-- Opening Marker --
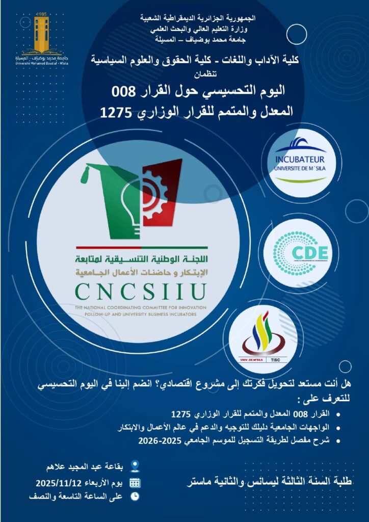 The Faculty of Law and Political Science and the Faculty of Arts and Languages at Mohamed Boudiaf University of M’Sila are organizing, for the benefit of third-year Bachelor’s and second-year Master’s students, an awareness day on Decree 008, which amends and supplements Ministerial Decree 1275. The event will take place on Wednesday, November 12, 2025, at Abd Elmadjid Alahoum Hall.
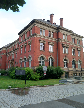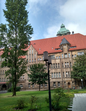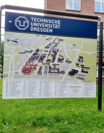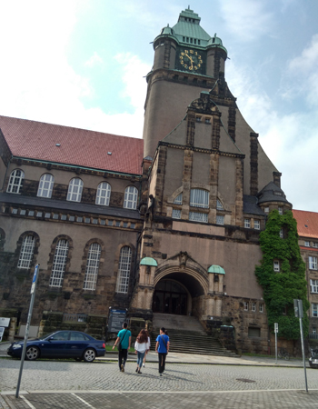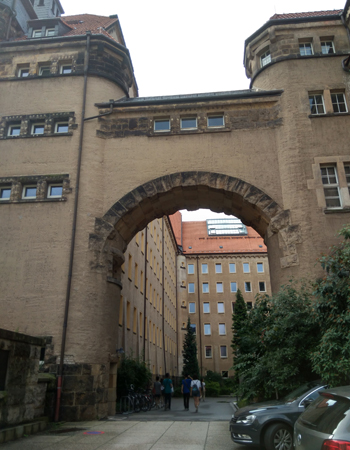 参观的同时,Yanan老师介绍了德累斯顿工业大学的学生会组织和大学宿舍的类型。德累斯顿工业大学学生会除了负责组织学生社团活动之外,还负责德累斯顿工业大学学生餐饮、住宿、甚至提供法律援助,解决纠纷。我们漫步在德累斯顿工业大学主教学区内,Yanan老师给我们解释了德累斯顿工业大学主校区布局图,让我们目睹了现任校长的尊容,以及诺贝尔奖获得者来此大学作报告的醒目海报。在我们走到Schuman Bau舒曼楼时,Yanan老师介绍了这栋教学楼的来历,这栋古建筑最早是一座监狱,后来改造成教学楼,里面的教室分布带有一定的迷宫性,对于才来的新生来说,不容易找到自己的教室,这引起同学们的好奇,想看个究竟,遗憾的是周末教学楼锁闭。
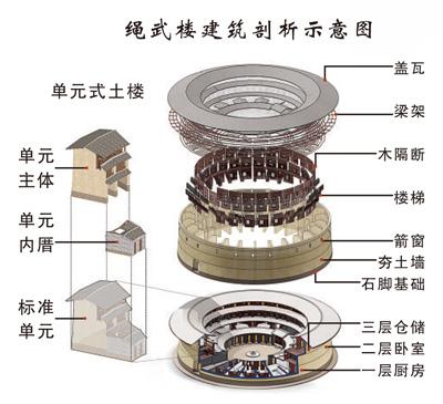 漳州市平和县绳武楼建筑剖析示意图。
-- Closing Marker --
● WORK REQUIRED
Exactly as given, set down each line of the material, but include no pictures.

● EXPECTED ANSWER
 The Faculty of Law and Political Science and the Faculty of Arts and Languages at Mohamed Boudiaf University of M’Sila are organizing, for the benefit of third-year Bachelor’s and second-year Master’s students, an awareness day on Decree 008, which amends and supplements Ministerial Decree 1275. The event will take place on Wednesday, November 12, 2025, at Abd Elmadjid Alahoum Hall.
 参观的同时,Yanan老师介绍了德累斯顿工业大学的学生会组织和大学宿舍的类型。德累斯顿工业大学学生会除了负责组织学生社团活动之外,还负责德累斯顿工业大学学生餐饮、住宿、甚至提供法律援助,解决纠纷。我们漫步在德累斯顿工业大学主教学区内,Yanan老师给我们解释了德累斯顿工业大学主校区布局图,让我们目睹了现任校长的尊容,以及诺贝尔奖获得者来此大学作报告的醒目海报。在我们走到Schuman Bau舒曼楼时,Yanan老师介绍了这栋教学楼的来历,这栋古建筑最早是一座监狱,后来改造成教学楼,里面的教室分布带有一定的迷宫性,对于才来的新生来说,不容易找到自己的教室,这引起同学们的好奇,想看个究竟,遗憾的是周末教学楼锁闭。
 漳州市平和县绳武楼建筑剖析示意图。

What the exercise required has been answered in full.